# Chocolate Cichlid dilema



## JJeepGirlwitFish (Oct 28, 2010)

So I came to this forum because i have found them most useful information here vs other sites, but one piece of information i am looking for still evades me. I have two adult Chocolate Cichlids (_Hypselecara temporalis_). I have had them about 2 years and my male is a gorgeous specimen at about 10 inches and my female is about 8 inches. I am considering moving over to peacock bass and would be selling my chocolates, i already have someone who i know is interested. But what the heck is a fair asking price for the pair?

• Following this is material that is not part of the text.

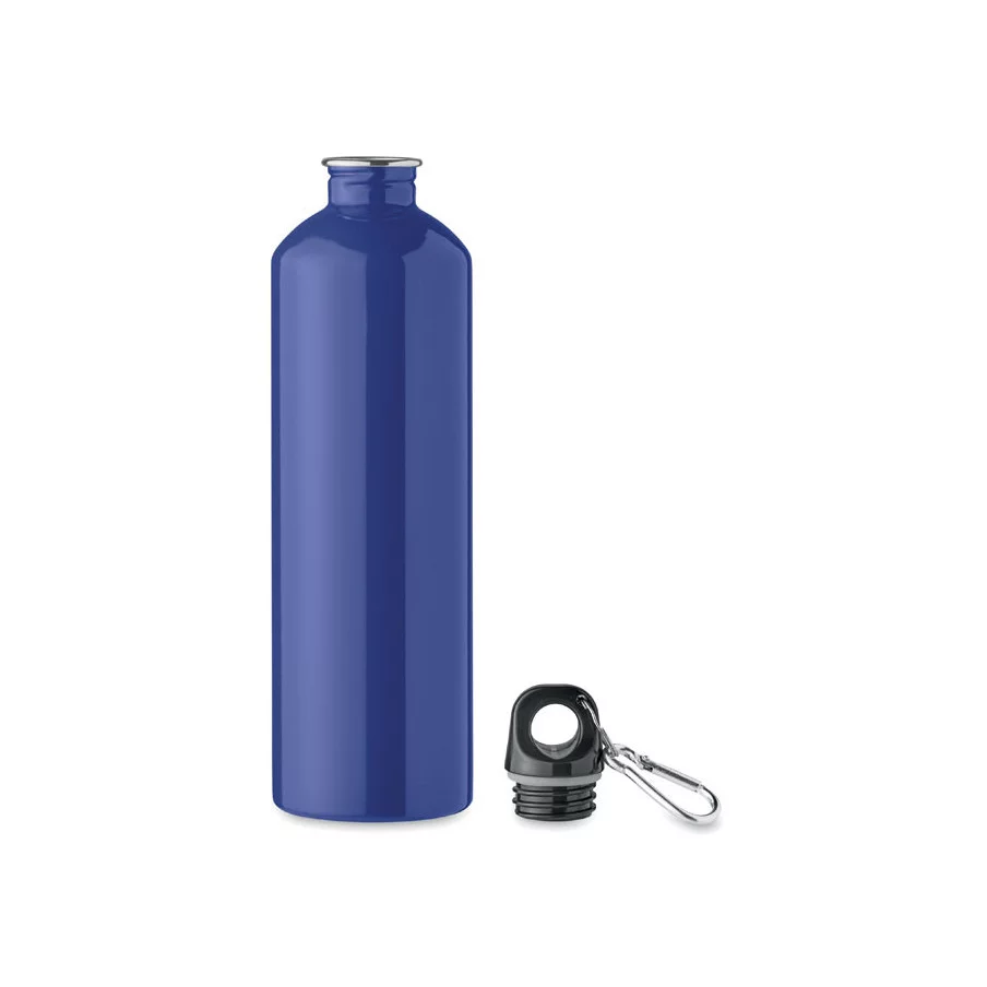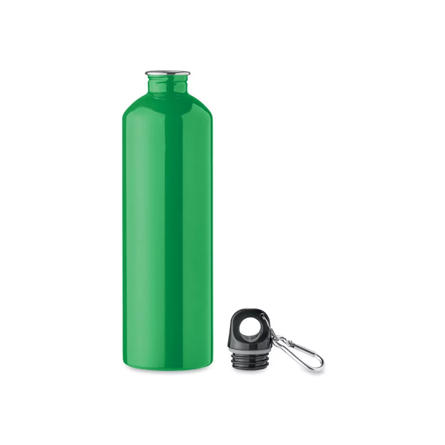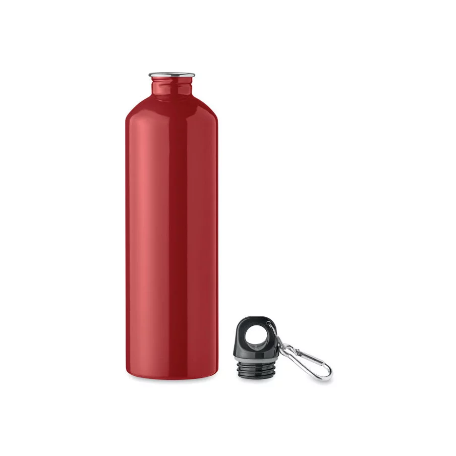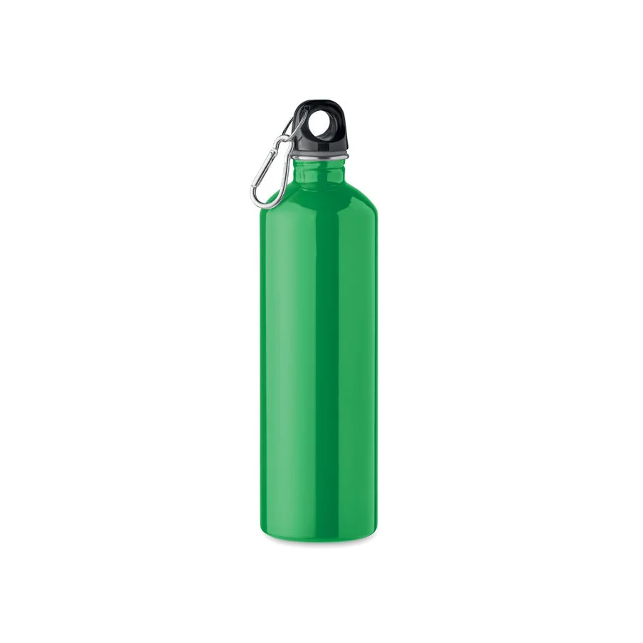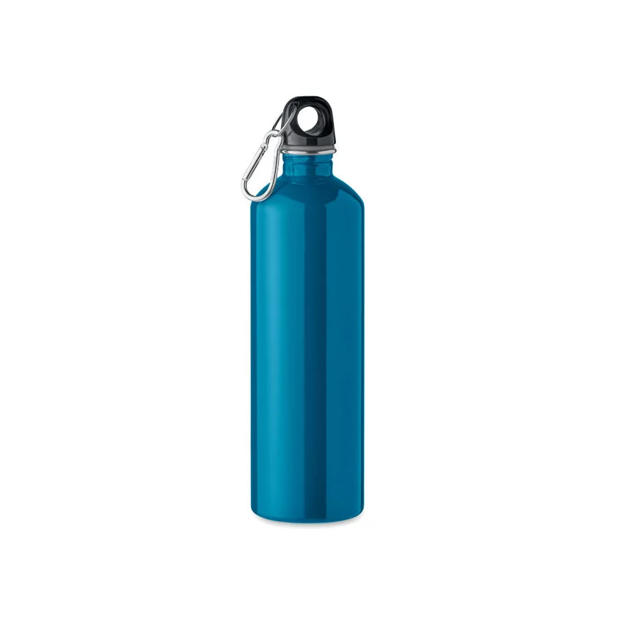 Bouteille personnalisable en acier inoxydable recyclé simple paroi (90 % d'acier inoxydable recyclé et 10 % d'acier inoxydable) avec mousqueton. Capacité : 750 ml. Le mousqueton n'est pas destiné à l'escalade (usage non professionnel). Anti-fuite
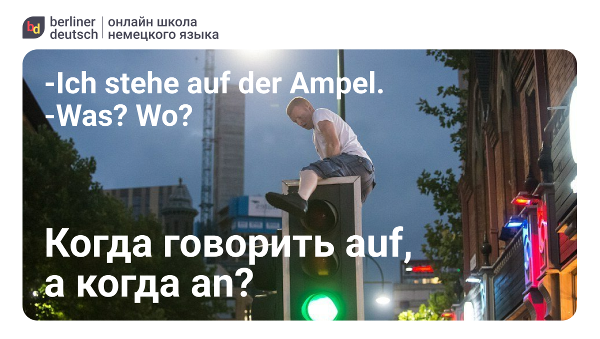 Если вы скажете немцу «Ich stehe auf der Ampel», то он вас не поймет и подумает, что вы, вероятно, сошли с ума и находитесь прямо сверху светофора. Поэтому давайте разберёмся, как же правильно использовать эти предлоги!

They are a proven breeding pair but due to having convicts in the tank with them, i have never successfully gotten babies.

(by the way,for those of you wondering, yes i know peacock bass get very large and yes i know they eat live food)


----------



## xXGrEeNxTeRrOrXx (Jan 25, 2006)

Definitely depends on your area. Around here, I could probably ask for 100 bucks for the pair and get it. But around here, Chocolate cichlids are rare. I've never seen one in any of the pet stores......... ah wait, I take that back. I did see a juvie at a local ma and pa shop. He was about 3 inches and they wanted 30 bucks for him. So for a proven breeding pair, a gorgeous 10 inch male and female in mint condition... yeah. 100 bucks.

Your area may be different. If you see chocolates around quite a bit they might not be worth as much.

PS - Got any pics? I love chocolate cichlids.


----------



## JJeepGirlwitFish (Oct 28, 2010)

I only have this one photo of them, i dont have a camera so my photos tend to be from my phone lol










thats rufus, my male




























The first picture is from when rufus was about 5 inches.... still a baby lol, big guy is pushing 11 inches now

the two photos of the solo fish are my large male, Rufus

the pic with two of them in it is the male and female


----------



## shef (Oct 3, 2004)

Keep the chocolates! They are incredible!


----------



## xXGrEeNxTeRrOrXx (Jan 25, 2006)

Awesome looking pair. Have you decided on a price?


----------



## Chromedome52 (Jul 25, 2009)

Those are some beautiful fish, quite different from the form we have up here in the Great Lakes region. Sometimes very large fish can be harder to sell than youngsters; often they have to be practically given away. Just ask the Fishguy here.

You might check around to see if any of the local fish clubs have auctions coming up, and check out the Hill Country Cichlid Club website, that might be your best bet to find someone who can appreciate such beautiful specimens.


----------



## mlancaster (Jul 24, 2009)

Hi *JJeepGirlwitFish*,

Great looking pair.

Thanks,
Matt


----------



## JJeepGirlwitFish (Oct 28, 2010)

*** already got someone interested in them, i just want to make sure that its a fair price i let them go for. Im thinking $150 for the pair of them. You can find juvi's around here at some select shops but i have never seen any other adults


----------



## JJeepGirlwitFish (Oct 28, 2010)

So its official, im going to sell the chocolates. i went to a LFS today and was drooling over some Cichla monoculus. OMG i cant wait!


----------



## JJeepGirlwitFish (Oct 28, 2010)

Do you think i could keep my chocolates and add the peacocks in there with no problems? the tank is 120gallons and is 60x20x24 (i thnk)

I have heard that if you have several fish in there it reduces aggression, but im not sure if they would be compatable


----------